According to the author of
partools
, this could be a scaling issue -- so that, even if no levels of a categorical variable are missing in any one chunk, the error may still occur because the number of observations in a given level are both absolutely and relatively low.Solutions
Decrease the number of chunks: assuming there is a point at which the error will disappear, you can decrease the number of chunks; however, this also means that you are decreasing the number of cores you will use which means that (a) each chunk may be so large so that you run into memory problems or (b) the parallel processes now run too slow, or (c) both.
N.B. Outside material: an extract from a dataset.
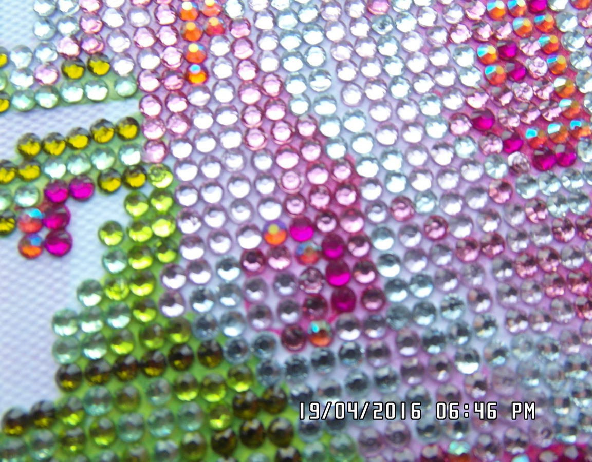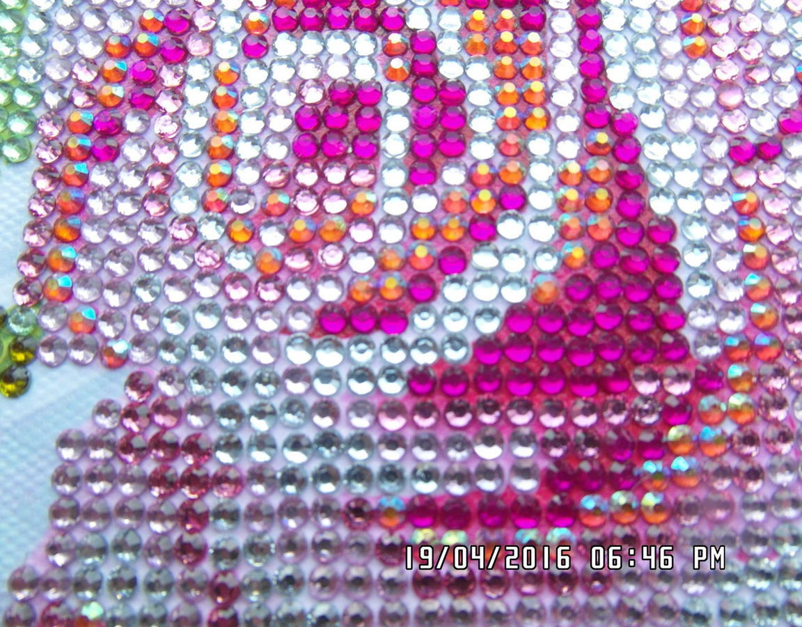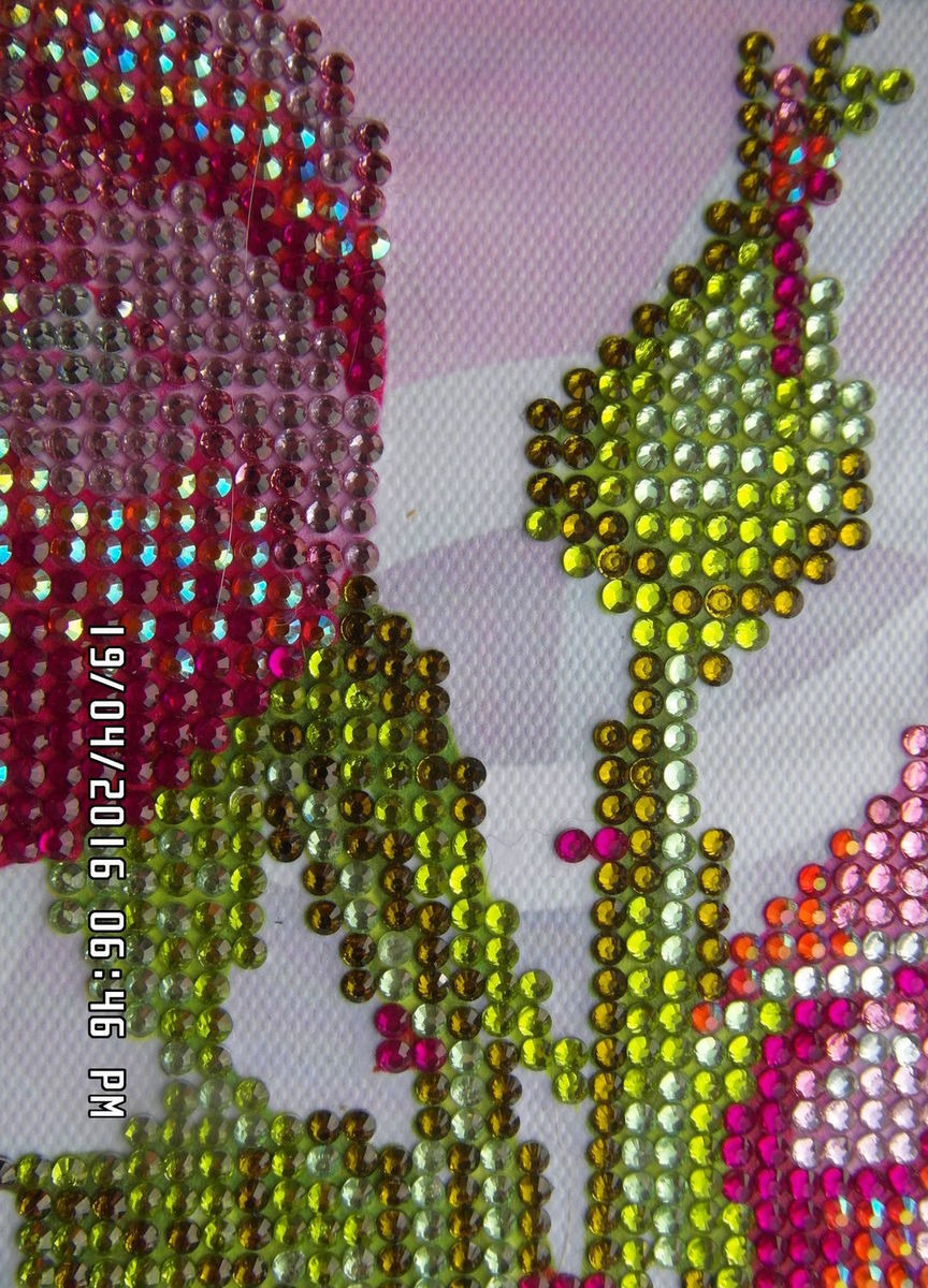 Картина выложена круглыми акриловыми стразами по полотну - основе с нанесенным 3D - изображением, схемой и клеевым слоем в технике алмазной мозаики. Стразы представляют собой небольшие камушки, круглой формы, которые имеют огранку, как у алмазов. Такая форма страз, способствует игре света на готовой картине, что делает готовые работы «живыми».

Alter the levels/variable structure: you can leave the desired number of chunks/cores as-is, and simply alter the levels so that each level has a critical number of observations. For
agelvl
, you could increase the intervals (10 years, instead of 5), or, if possible, change age from a categorical variable to a continuous one. One should keep in mind that such changes could alter the explanatory power of the model or cause the model to be incorrectly specified.